**What the task asks**
All that is needed is an exact copy of the lines from the beginning of the data below through the line containing "白天逛坪山展览馆看展淘文创,抽空去观水书", minus the pictures.

**Dataset extract**
+--
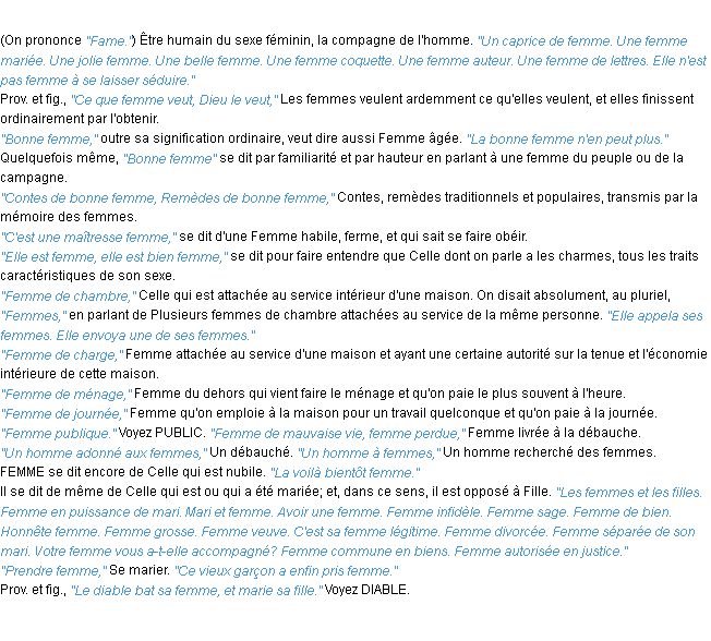 Ancienne définition de l’Académie Française (édition de 1798) pour le mot « femme ».Merci à Jacques et édith pour la numérisation du mot femme.
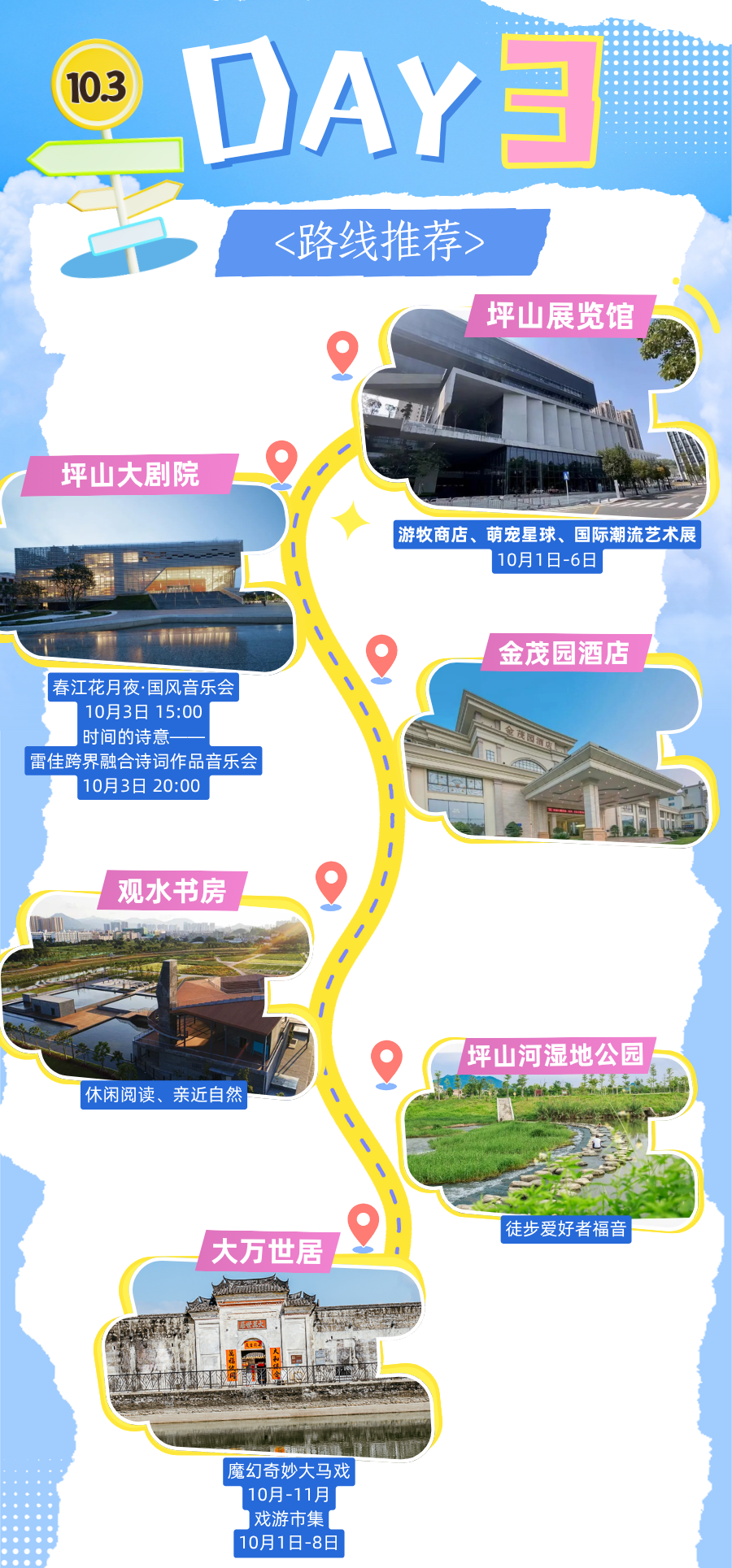 白天逛坪山展览馆看展淘文创,抽空去观水书房看书赏景、坪山河徒步;晚上坪山大剧院听雷佳音乐会,住金茂园酒店;最后冲大万世居,看皇家马戏、逛市集,客家围屋热闹超吸睛!
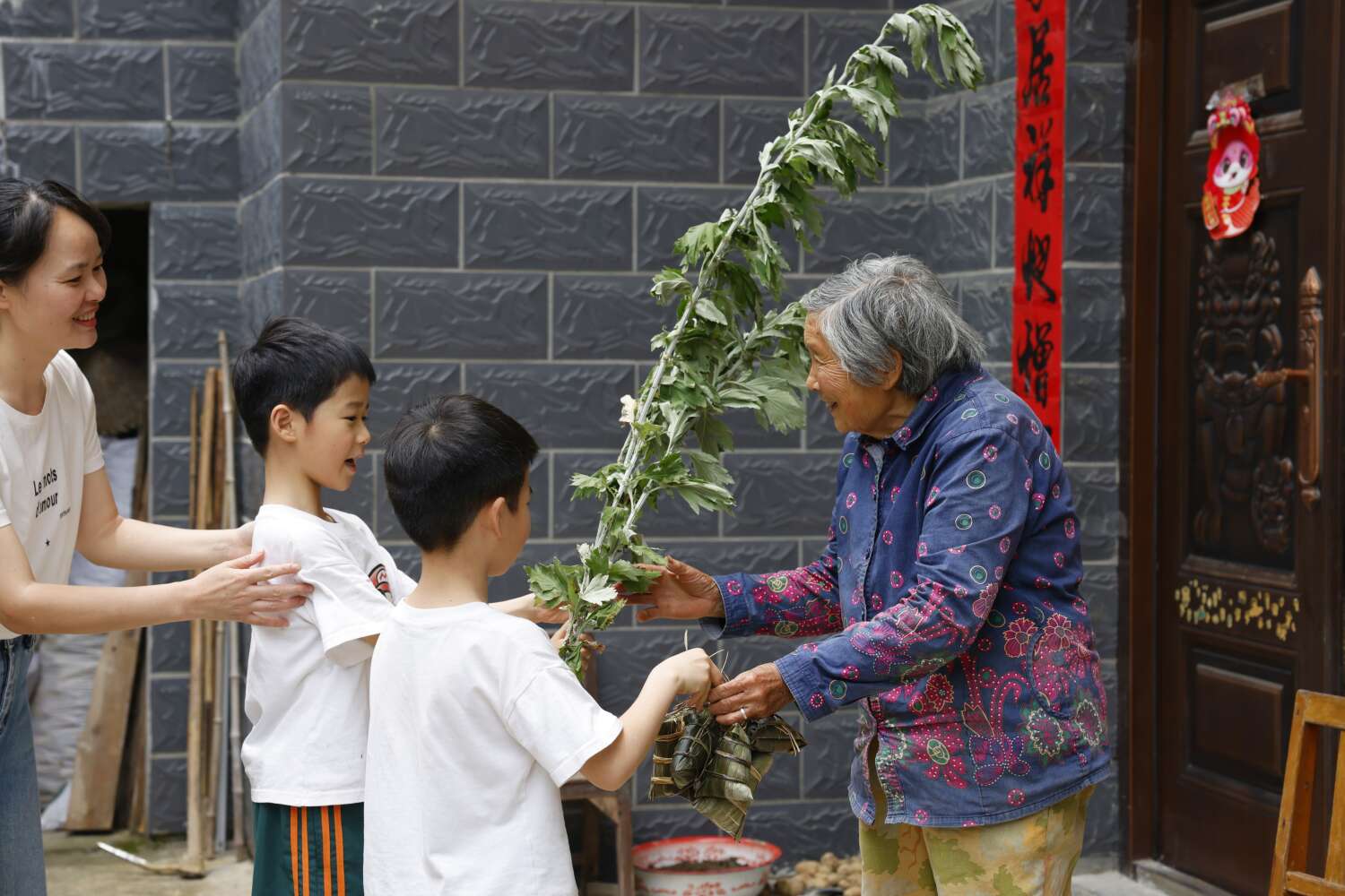 五月的顯後村棗林葳蕤、風光旖旎。左口鄉是著名的“中國南棗之鄉”,所產的“金絲琥珀蜜棗”在清朝乾隆年間就是貢品。1985年,金絲琥珀蜜棗還獲得了農牧漁業部優質產品稱號,產品遠銷全國各地和東南亞國家。在重點產區的顯後村,來自城裏一對對親子家庭在顯後村廚娘們的帶領下,學包延續幾百年的“金絲琥珀蜜棗”傳統粽子。捋粽葉、填糯米、放入金絲琥珀蜜棗……不一會兒,一隻只形態飽滿又有濃香的粽子就包好了。與此同時,一旁的制香囊活動也吸引了許多孩子參與。他們將艾葉、丁香、玫瑰等中藥材放入香囊中,並小心翼翼地用針線縫好,寓意求吉祈福。隨後,孩子們將粽子和艾草送到村中老人手上,讓他們感受到節日的歡樂和温暖。
+--
**Task output**
 Ancienne définition de l’Académie Française (édition de 1798) pour le mot « femme ».Merci à Jacques et édith pour la numérisation du mot femme.
 白天逛坪山展览馆看展淘文创,抽空去观水书房看书赏景、坪山河徒步;晚上坪山大剧院听雷佳音乐会,住金茂园酒店;最后冲大万世居,看皇家马戏、逛市集,客家围屋热闹超吸睛!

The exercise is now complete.